И тут Женька поднял металлический прут. Я без слов понял его замысел — вызываем огонь на себя! Мы ухватились, чередуя руки, за прут и стали раскачивать другим его концом язык колокола. Через пять-шесть колебаний над площадью снова поплыл густой колокольный звон.

После трех-четырех ударов мы положили прут и, не чуя под собой ног, бросились вниз по винтовой лестнице. Не сговариваясь, решили уходить не напрямую, через отверстие над пунктом приема стеклотары, а через бывший лазарет. На втором ярусе колокольни через брешь в стене пролезли в чердачное помещение церкви. С чердака по веревке через дыру в потолке спустились вниз. Затем стряхнули с одежды и обуви пыль, придирчиво оглядели друг друга на предмет чистоты костюмчиков и удовлетворенно направились к дверям. Из лазарета на улицу можно было выйти только через самострой «семейного общежития». И тут нам навстречу из дверей со стороны «общежития» выскочил мужчина в серой шляпе. Увидев нас, он радостно растопырил руки, явно намереваясь хоть одного, но сцапать. Отступать было некуда.

— Скорей, бегите сюда, — закричал вдруг Женька мужчине и сам побежал назад к отверстию в потолке, из которого пару минут назад мы спустились с чердака.

Дядя в шляпе остановился.

Я тоже подбежал к отверстию в потолке и призывно замахал ему рукой:

— Что же вы стоите? Они все там. Слышите, как топают! Не бойтесь — мы поможем!

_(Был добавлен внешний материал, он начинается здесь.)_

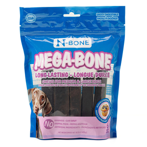 ¡Satisface el instinto de masticación de tu perrito de forma deliciosa y saludable con N-Bone! Gracias a su elaboración libre de carnaza y sin ingredientes artificiales, los premios masticables Mega-Bone son una opción natural e irresistible con la que tu perrito disfrutará de deliciosas sesiones de masticación, las cuales ayudarán a reducir el aburrimiento y evitarán que muerda objetos inapropiados.
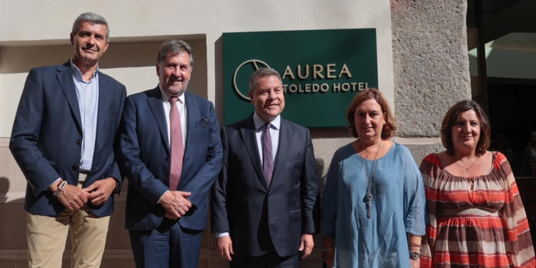 El presidente de la Junta de Castilla-La Mancha, Emiliano García-Page, el alcalde de Toledo, Carlos Velázquez, y la presidenta de la Diputación de Castilla- La Mancha, Conchi Cedillo, han visitado las instalaciones del Áurea Toledo 4*, el nuevo proyecto de Eurostars Hotel Company, cadena hotelera de Grupo Hotusa.
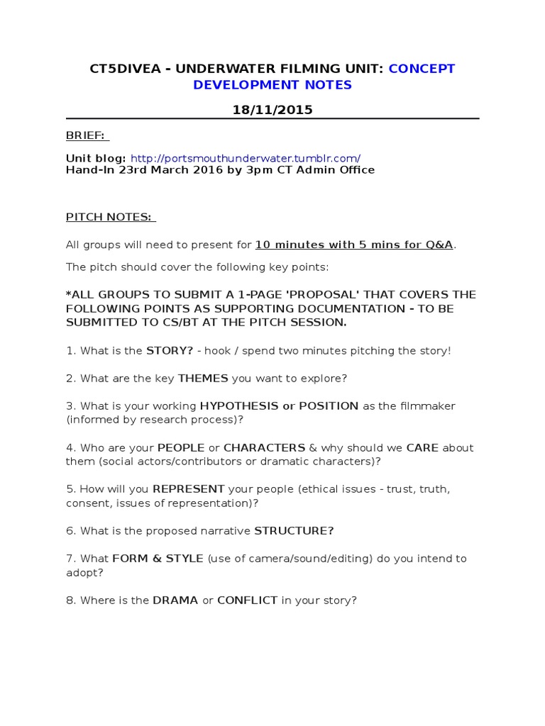 NB. All projects require a treatment that was approved by your tutor.
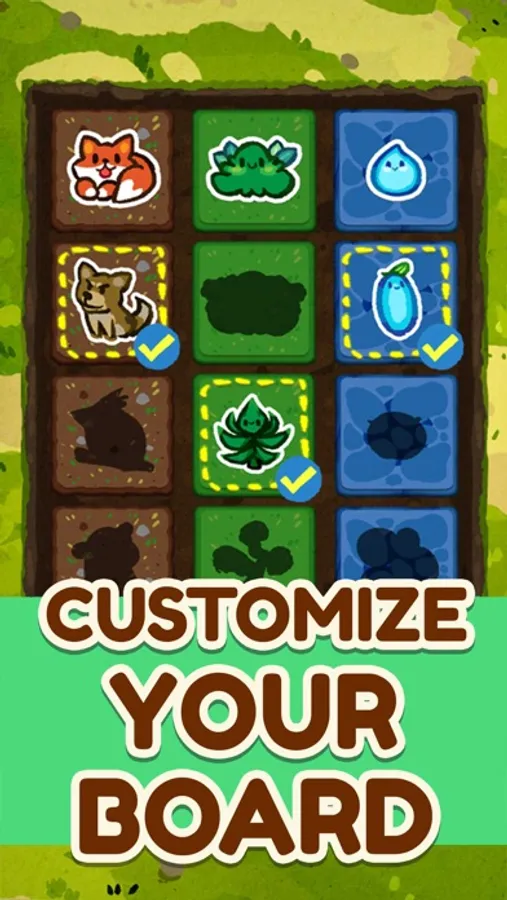 An adventure filled with forest friends awaits! Swipe left, right, up, and down to move rows and columns. Combine groups of resources of 3 or more. TAP to upgrade resources in a tile combining style! Groups of 3 tiles will merge and become 1 tile on the next level. Continually upgrade your resources and watch your forest family THRIVE! Match and merge more than 3 tiles for a higher score.

Прислушавшись к доносившемуся сверху стуку многочисленных сапог и отбросив колебания, дядя в шляпе подбежал к нам, заглянул в наши честные глаза и ухватился за свисающую веревку. Мы подставили ему под ноги спины. Секунду спустя он скрылся на чердаке бывшего лазарета.

Мы, не сговариваясь, неожиданно перекрестились, посмотрели удивленно друг на друга, рассмеялись и поспешно пошли к выходу.

Пионеры были спасены — это главное. При этом каким-то чудом и нам удалось выйти сухими из воды. Может, правы малограмотные бабушки, и в этом мире есть Бог?


Еще раз про любовь

В то время 23-я школа была восьмилетней. После ее окончания мои школьные друзья — Юра Рябухин, Володя Тихомиров, Володя Сковородкин, Володя Загуляев решили продолжить учебу в престижной 2-й школе в экспериментальном математическом классе. Я вслед за ними тоже подал документы в эту школу. Каким-то чудом нас всех приняли. Остальные наши бывшие одноклассники, в том числе и Света Голубенкова с Алей Ковалевой, продолжили учебу в расположенной поблизости от нашего микрорайона 18-й школе.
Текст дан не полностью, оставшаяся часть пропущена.